Paul Siegell


 

*WE'VE COME FOR YOUR REMOTE CONTROL*

 

Blazing chimera chimichangas!—Taking New Orleans to new
extremes: on a Super Bowl of old en Español—Playing catch-
up tackling blue corn tortilla chips, Roger Waters' mouth goes
dry: Tequila?—Si! Click to a small college crowd cheering up
an epic ping-pong battle. Action-packed scavenger hunt. Wild
rivals sweating in the unpredictable. Who'll win? In my expert
opinion: "Yo no sé, no sé—" yet the drop of rain that's dancing
the Salsa as a splash upon a mountaintop does, however, know
from the oceans: reckon Frosty the Snowman, or Henry David
Thoreau. Fresh-caught fish tacos.

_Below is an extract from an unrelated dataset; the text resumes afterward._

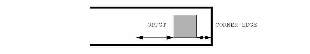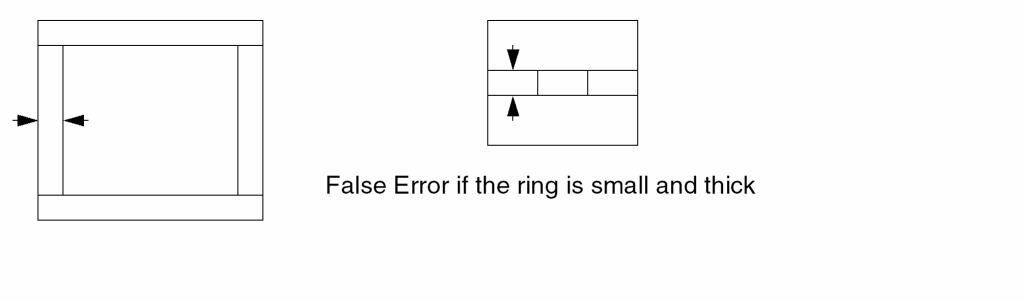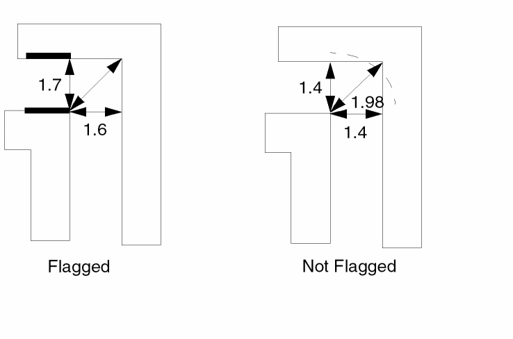 Flags an error if the two segments are spaced less than n2 and greater than n1. If you do not want acute-angle error flags, you must specify the RANGE measurement.

And as fluid as another news
show covering the Gulf of Mexico, but showing where another
nor'easter is set to strike, before a bored Waters flips it back to
the game, the subtitle tips: "to how hurricanes get their names." 

 

  

 

*WE'VE COME FOR YOUR PROSTATE EXAM*

 

Why not? It's not like any of us are doing anything anyway.
A yellow lab named "Boomer" steps outta his yellow snow.
Bald spots shimmer in the lights at the concert. By the time
she reached the age, she said, that songs were something to
be desired, the only vinyl record in her mother's collection
that wasn't opened, still in cellophane, was Crosby, Stills &
Nash. "The promoted," the box office pops, "is reality now.
Deadline is upon us." Happy Birthday scavenger hunt. All I
can think of is Young, but of all the kidding about the down-
pour of pressure that's produced when, o, a finger gets stuck
inside the situation—Up we woke and went to the bathroom.

  

 

 

*WE'VE COME FOR YOUR COURTESY FLUSH*

 

And it goes like this: Dude on his cell phone: "I don't give
a shit!" Laxative scavenger hunt. "OK! Effin' A—Whatever.
I’ll see you later." On a protestor's sign, "I AM NOT YOUR
ATM" reminds me that some people just simply desire desire.
I edited a PowerPoint presentation on it once. Idea being that
there's always at least one asshole around, anywhere you go.
Was kind of a "Muchas gracias, Captain Obvious!" moment
, but so true at the same time. All the same, I'll take time out
to time take out vs. dine in, but never dine in a place that puts
the toilet paper on the toilet paper holder all wrong. Flushing,
Johnny Cash plays quid pro quo with Don Quixote: "Around
and around we go! Here's to all our Hungry Hungry Hippos!"

  

 

 

*WE'VE COME FOR YOUR SUPPLY & DEMAND*

                                                            —for Lloyd Dobler

Bestsellers. Driving the Jersey-succession of strip malls,
our roads cart like supermarket aisles. Shelves a chronic
collage of proper nouns. "However," notes the radio, "it
is still unclear if ingesting that much Pepsi actually lead
to the victim's epileptic episode." Turn signal. Seriously
, how much of life attaches to a tag? (My big toe itches.)
Don't ask—Store manager scavenger hunt. I change the
station: "And she's buying a stairway to heaven." Weird.
Indebted. I mean, how much did my birth cost? It's as if
the grand total of everything that a servant of our culture
needs must be paid for. But, from pre-sale to sold out, if
I owe, then how can I own?—Watson thot Sherlock was
applauding… but all it was was him packing his tobacco.